'''

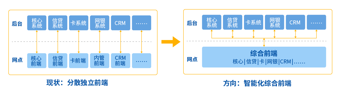傳統(tǒng)銀行網(wǎng)點存在多個業(yè)務辦理前端且相互獨立,柜員在受理業(yè)務時常常要在多個前端系統(tǒng)之間頻繁切換,極大地影響了業(yè)務辦理效率。同時,由于各系統(tǒng)IT架構(gòu)和技術(shù)體系不一致,導致了銀行運維的壓力和和成本成倍提高。因此,整合網(wǎng)點分散獨立的系統(tǒng)前端,實現(xiàn)統(tǒng)一智能化綜合前端勢在必行。
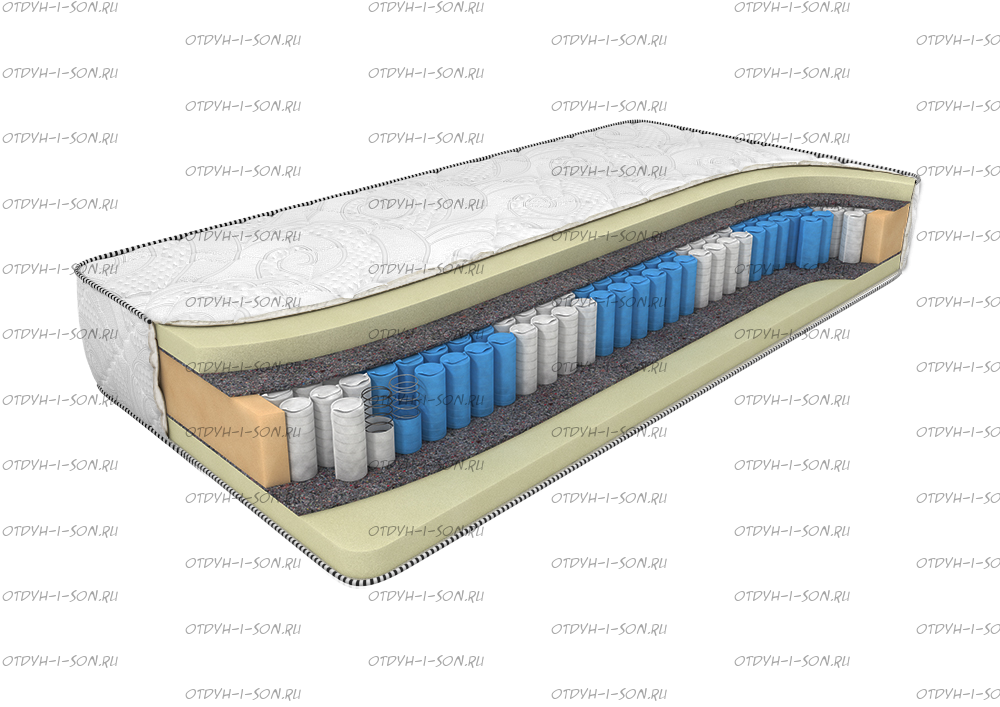 Спальная поверхность укомплектована особенным наполнителем Меморикс с эффектом запоминания формы. Во время сна и отдыха Вам не придется искать наиболее удобное положение, потому что "умный" матрас сам будет подстраиваться к особенностям тела, нежно обволакивая и создавая несравнимое ощущение погружения в невесомость. Достигнуто это благодаря способности материала точно повторять контуры тела, реагируя на его температуру и вес. Обратное сопротивление со стороны материала практически отсутствует. Несомненным преимуществом является и контурная резка поверхности, создающая легкое массажное воздействие.
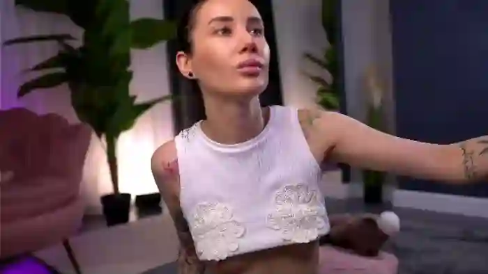 Her birthday is February 2nd 1995 making her 30 years old, and the average age of models on Flirt4Free is 25—making her one of the older models. Her height is 170cm, and her weight is 45kg. She identifies her ethnicity as caucasian. She has a shaved pubic hair, and c cup breasts on a slim body with blue eyes and long black hair.Her body art includes tattoo(s).
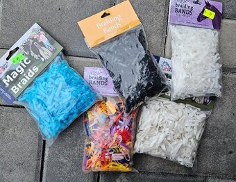 Silikonové gumičky v zářivých barvách pro tvorbu originálních vzorů z koňské hřívy. Vhodné na závody či pro ukrácení dlouhé chvíle se svým koněm. K dispozici v několika krásných barvách. Zabaleno v plastikovém sáčku o počtu gumiček cca 450-500 ks. Nové, nepoužité. Tyrkysové - 4 ks - 80,- Bílé HH - 1 ks - 80,- Černé QHP - 1 ks - 60,- Bílé QHP - 1 ks - 60,- Barevné QHP - 2 ks - 60,- Poštovné 130 Kč PPL domů na adresu nebo PPL Parcelshop/box 100,-. Platba převodem. Mrkněte i na další inzeráty.
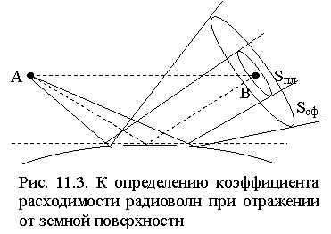 Изменение напряженности поля волны при отражении от сферической поверхности можно рассчитать, используя следующие замены в интерференционных формулах для плоской Земли:

'''

[Your instructions] Every record above should be written out again exactly; the pictures stay out of the copy.

[Task solution]
傳統(tǒng)銀行網(wǎng)點存在多個業(yè)務辦理前端且相互獨立,柜員在受理業(yè)務時常常要在多個前端系統(tǒng)之間頻繁切換,極大地影響了業(yè)務辦理效率。同時,由于各系統(tǒng)IT架構(gòu)和技術(shù)體系不一致,導致了銀行運維的壓力和和成本成倍提高。因此,整合網(wǎng)點分散獨立的系統(tǒng)前端,實現(xiàn)統(tǒng)一智能化綜合前端勢在必行。
 Спальная поверхность укомплектована особенным наполнителем Меморикс с эффектом запоминания формы. Во время сна и отдыха Вам не придется искать наиболее удобное положение, потому что "умный" матрас сам будет подстраиваться к особенностям тела, нежно обволакивая и создавая несравнимое ощущение погружения в невесомость. Достигнуто это благодаря способности материала точно повторять контуры тела, реагируя на его температуру и вес. Обратное сопротивление со стороны материала практически отсутствует. Несомненным преимуществом является и контурная резка поверхности, создающая легкое массажное воздействие.
 Her birthday is February 2nd 1995 making her 30 years old, and the average age of models on Flirt4Free is 25—making her one of the older models. Her height is 170cm, and her weight is 45kg. She identifies her ethnicity as caucasian. She has a shaved pubic hair, and c cup breasts on a slim body with blue eyes and long black hair.Her body art includes tattoo(s).
 Silikonové gumičky v zářivých barvách pro tvorbu originálních vzorů z koňské hřívy. Vhodné na závody či pro ukrácení dlouhé chvíle se svým koněm. K dispozici v několika krásných barvách. Zabaleno v plastikovém sáčku o počtu gumiček cca 450-500 ks. Nové, nepoužité. Tyrkysové - 4 ks - 80,- Bílé HH - 1 ks - 80,- Černé QHP - 1 ks - 60,- Bílé QHP - 1 ks - 60,- Barevné QHP - 2 ks - 60,- Poštovné 130 Kč PPL domů na adresu nebo PPL Parcelshop/box 100,-. Platba převodem. Mrkněte i na další inzeráty.
 Изменение напряженности поля волны при отражении от сферической поверхности можно рассчитать, используя следующие замены в интерференционных формулах для плоской Земли:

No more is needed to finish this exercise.